身元引受人が現れない限りは、住む部屋も借りられない、働く事も…恐らくは適わない」
言われてみれば当然かも知れない事を、島としては今まで…全く失念していて。
だから、今更…今初めてそんな事を突き付けられて、これ以上は無いほどに当惑して。
「ま、そんな理由で実際を言えば、俺とスターシャは『夫婦』じゃないんだな。これが…。
戸籍の無い異星の女と、その身元引受人でしか無いんだ。今の所は、な」
守は、溜息半分。
ふざけているかと思うほど、大仰に両手を拡げて肩を竦(すく)めてみせながら、そう言って。
「それでも…スターシャは、俺の女だ。
それ以外の何者でも無い」
続けた言葉は…至極、真面目な顔で。
「…話、戻すとな。
政府も軍も、取り敢えずは無責任に放り出すつもりは無い。
当面は、軍の官舎辺りを宛(あて)がう…までは決まってる。
但し、あくまでも『当面』だ」
そこで、一旦言葉を切った。
島が聴いているだろう…とは分かっているが、それをなお確認する為に。
「…で、どうしても…なら。
俺も、また身元引受人しても…一向に構わないんだが」
何しろ…あの帰路に、ろくに何も聞いていない、見ていない…という状態の島を、目の当たりにしているから。
「お前は、既に成人してて。
法的には充分、彼女の身元引受人が出来るんだ…って事を憶えとけ」
…それだけだ、と。
また、島の眼前に人差し指を突き付けて。
途中までは…途惑いながらでも、間違いなく聴いていた。
意識していなかった問題の方が、抱えている不安よりも余程まだ早く、身近に存在していたという事の…現実に。

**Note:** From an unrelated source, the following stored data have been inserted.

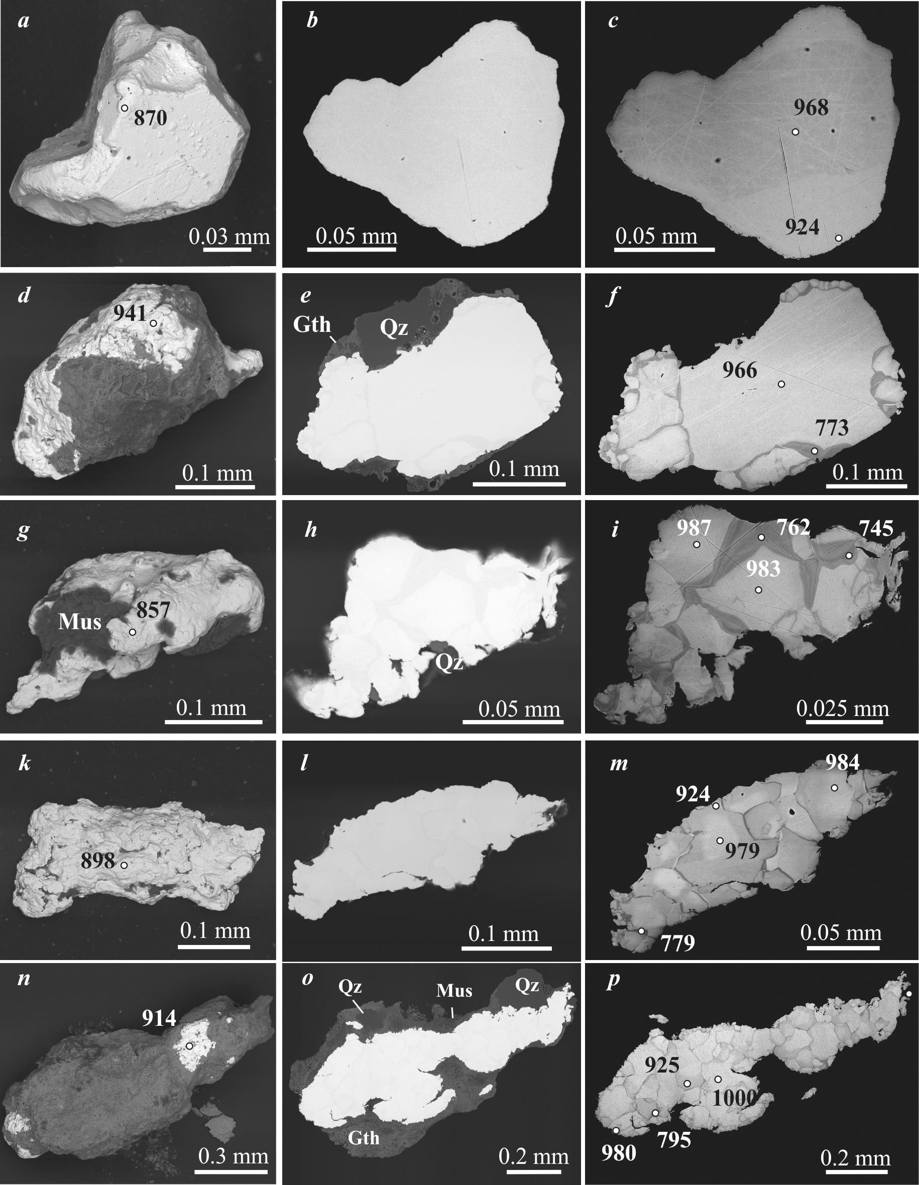Золото наблюдается в сростках с кварцем (рис. 9, а—d). Их доля составляет примерно 10 %. Встречаются золотинки, на поверхности которых установлены мусковит, сидерит и гидроксиды железа (рис. 9, e—i). Отмечаются частицы, полностью заключенные в «рубашку» гидроксидов железа.
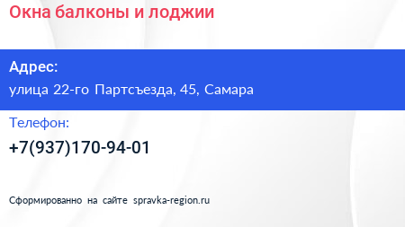 Окна, балконы и лоджии по адресу улица 22-го Партсъезда, 45, Самара в дальнейшем Организация, размещена в следующих категориях:
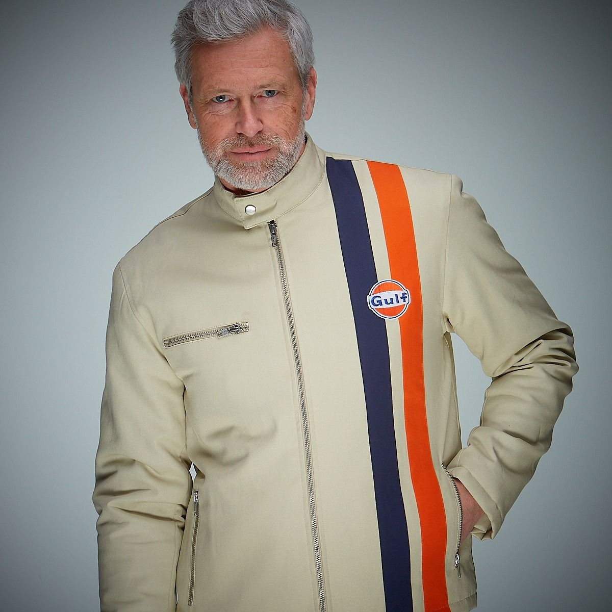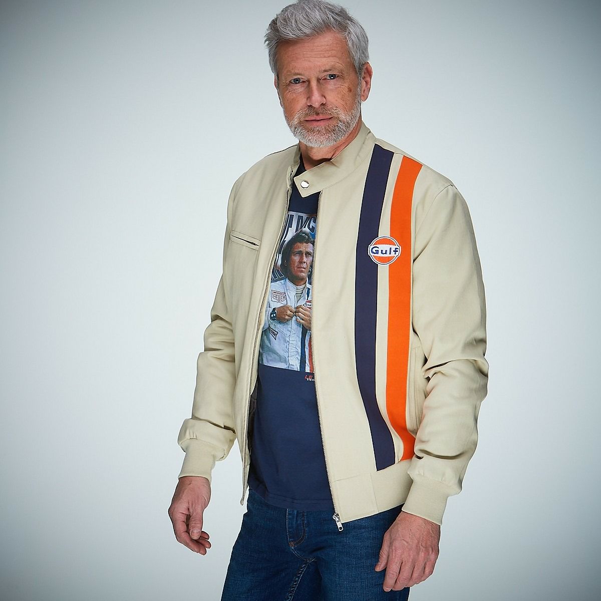 映画「栄光のル・マン」の主人公、M・ディレイニーが着用していた、ガルフのロゴと2本のレーシングストライプが特徴的なレーシングスーツをインスパイアしたブルゾン。
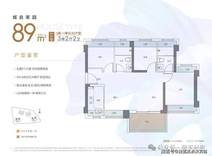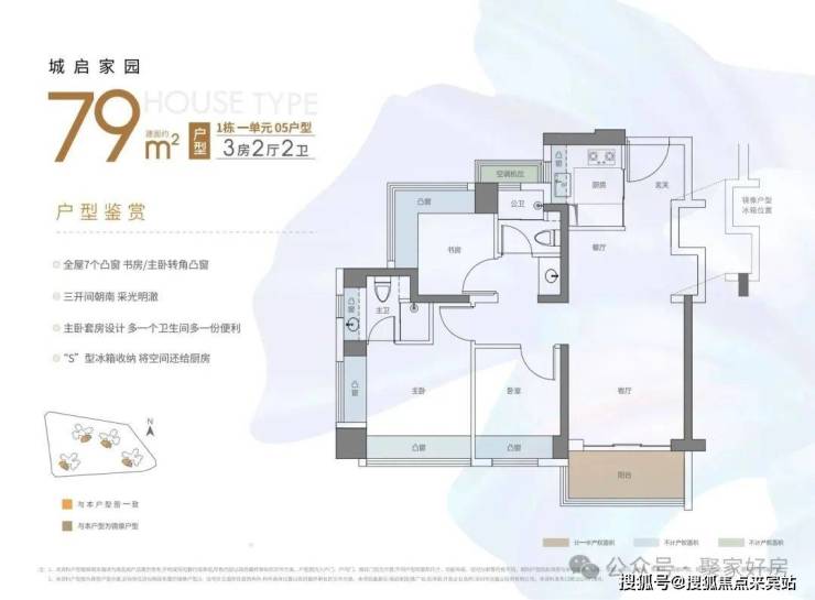 东南或西南朝向,竖厅设计,客厅有预留冰箱位,客厅,主卧,次卧分别朝南,户型一共有8个飘窗,加上阳台和飘窗使用率在90%左右。
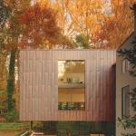 Architect David Jameson conceived the two forms as an interplay between heavy and light, as well as past and present. “The two bars slip past each other,” he says. “One is rooted to the ground, and one is a very light garden pavilion.” Influenced by the anti-ornament writings of the Czech-born, early-20th-century architect Adolf Loos, Jameson re-clad the existing brick house in plain stucco to create the heavier front element. Stone walls further anchor it to the site. Its almost anonymous look recalls the International Style houses of the 1920s and ’30s. The buoyant, all-new copper pavilion, meanwhile, cantilevers over a ground-floor window wall, thanks to modern-day engineering. As it fades to bronze and eventually green, its colors will blend in with the leaves around it.
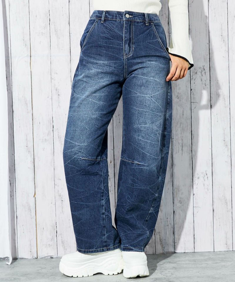 立体的な丸みを帯びたバレルラインが特徴のデニムパンツ。加工感のある仕上がりで、一本で旬なスタイルが完成します。
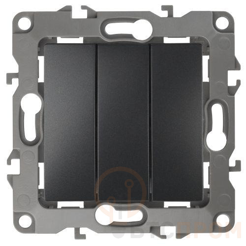 Выключатель 3-клавишный серии Эра 12 скрытой установки механизм цвет антрацит 12-1107-05. Номинальные характеристики 10А 250В . Сделан из поликарбоната, оснащён винтовыми уникальными клеммами ЭКСПЕРТ для надёжной фиксации жил кабеля в механиме. Парные клеммы обеспечивают соединение шлейфом. Монтаж в подрозетник производится и на лапки, и на винты. Рамки приобретаются отдельно. Рамки Эра 12: 1 пост 12-5001-хх, 2 поста 12-5002-хх, 3 поста 12-5003-хх, 4 поста 12-5004-хх, 5 постов 12-5005-хх. Рамки Эра 12 Сатин: 1 пост 12-5101-хх, 2 поста 12-5102-хх, 3 поста 12-5103-хх, 4 поста 12-5104-хх, 5 постов - 12-5105-хх (хх - код цвета: 01-белый, 02-слоновая кость, 03-алюминий, 04-шампань, 05-антрацит, 06-чёрный, 07-ольха(белёный дуб-сатин), 08-вишня, 09-дуб, 10-венге, 11-сосна, 21-жёлтый, 22-оранжевый, 23-красный, 24-охра, 25-бордо, 26-лайм, 27-зелёный, 28-голубой, 29-синий).
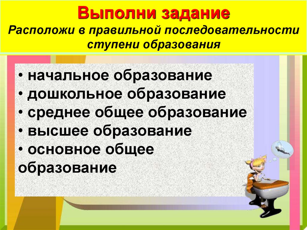 9. Выполни задание Расположи в правильной последовательности ступени образования
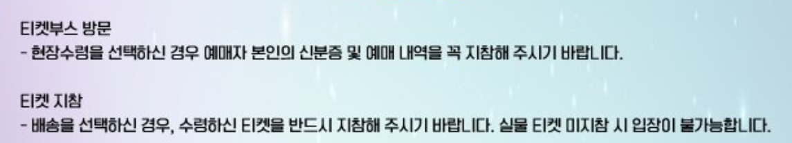 티켓을 현장수령할 경우, 티켓부스에 방문하여 예매자 본인의 신분증및 예매내역을 지참하셔야 합니다. 신분증은 주민등록증, 운전면허증, 여권, 청소년증, 사진 및 생년월일이 표기된 학생증, 외국인 등록증 등 본인확인이 가능해야 합니다. 한 사람이 여러 장의 티켓을 예매한 경우, 모든 동반인은 예매자와 함께 입장해야 합니다.티켓을 사전에 우편으로 수령한 경우, 실물 티켓을 소지하여야 입장이 가능합니다.
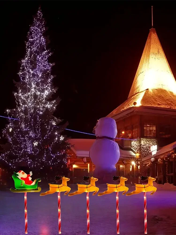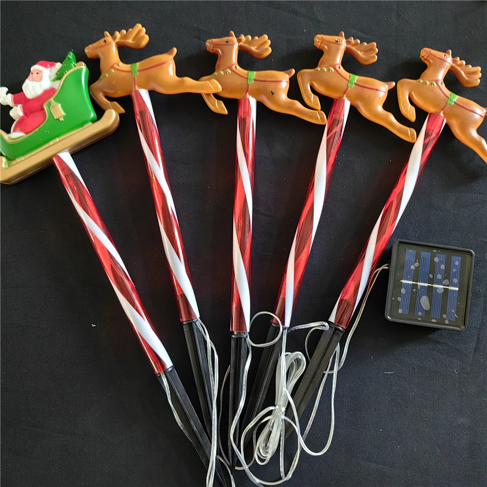 5pcs Solar LED Christmas Lights Set Santa Reindeer Design for Outdoor Patio Garden Lawn Decor Holiday Lights Waterproof 136
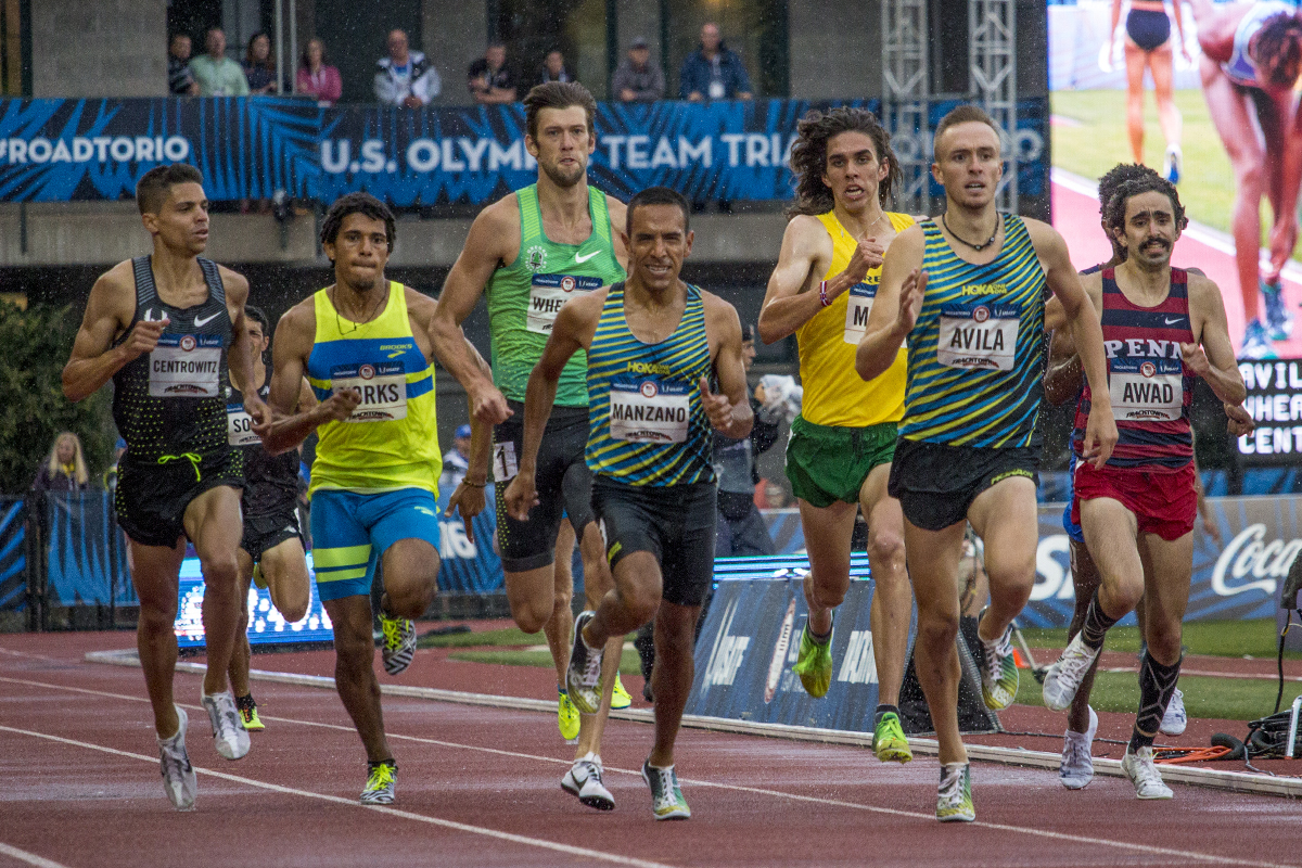 Runners compete in the prelims of the men’s 1,500 meter run. Day Seven of the U.S. Olympic Trials Track and Field were held Thursday at Hayward Field in Eugene, Ore. and will continue through July 10. Photo by Katie Pietzold

今まで、そんな事に思い至らなかった自分の間抜けさ加減に、多少…呆れながらも。
そして、この期に及んでまだ惑う。
ほんの…少しの間だけ。
「…俺が追い掛けて来る…と、分かってたんですか?」
食事を理由に引き止めようとする声に、すぐ戻るから…と投げ付けるように言い訳して。
追い付けるのかどうか…に、焦りを感じながらエントランスまで辿り着いてみれば。
「いいや?
10分くらいは、待っててやろうか…と思っただけだ」
その階段下に立っていて、さら…っと言い捨ててくれる、守のしたり顔に。
そこまで駆け降りて来た事で、息を弾ませてしまっている自分が…かなり口惜しい。
走った事と口惜しさに、わずかに朱を刷(は)いて不機嫌そうな島の顔に、つい可愛らしいと思ってしまって苦笑する守と。
その守の笑みが、余計に口惜しく感じる…島と。
「…そこまで、気が廻るくらいなら。
何か…ちゃんと、考えてくれている事が有るんですよね?」
そんな感情を隠さないでそのまま、少しばかり強い語調で島が問えば。
「無くはないぞ?
お気に召すかどうか…までは、責任持てないけどな」
そんな事には全然気付かなかったかのように、また守はあっさりと言ってのけて。
◇
◇
◇
◇
守の提案に、案の定…人事は難色を示した。
守自身も加わって、記憶に残っている「冥王星」までに一度、地球艦隊はほぼ全滅まで追い込まれている。
それに加えて、先の戦いで…また、二度目を。
艦艇操舵の有資格者は、やはり少ないながら…それなりに数が居るとしても。
「数少ない『有経験者』を…」
「お言葉ですが。
ヤマトくらいしか生き残ってないからこそ、『処分』を厳然として行っておくべきでしょう?」
「叛乱」を起こした艦のみが生き延びて、正規に動いた艦艇は…生き残っていないのだから。
そんな経緯も既に、世間には知られているのだから。
「司令部から『独立』していたからこそ、生き残ったのだ…などと風評を立てられないうちに」
直前まで司令部に関わり無く、先の戦いにも関わり無かった守だからこそ。
いっそ…はっきりと言えてしまう、ある意味…真実を。
「いや…しかし、だな…」
まだ、何か言いたげなのを。
「…たかが、一艦の幹部乗員の3、4人、まとめて『処分』する事も出来ないと?
そう出来ないほど、防衛軍は人材に乏(とぼ)しい…と?」
ここ数日以前に、友人と弟から充分に話を聞いて承知していながら、わざとらしいまでの無邪気を装って…にこやかにとどめを討って。
もう、これ以上の反論は無い…と見て取って。
「…では。
古代進、真田志郎、島大介…以上3名。
然るべき処断を下します」
つい、今までのにこやかさなど何処に捨てたかと思うほど、冷淡に言い捨てて。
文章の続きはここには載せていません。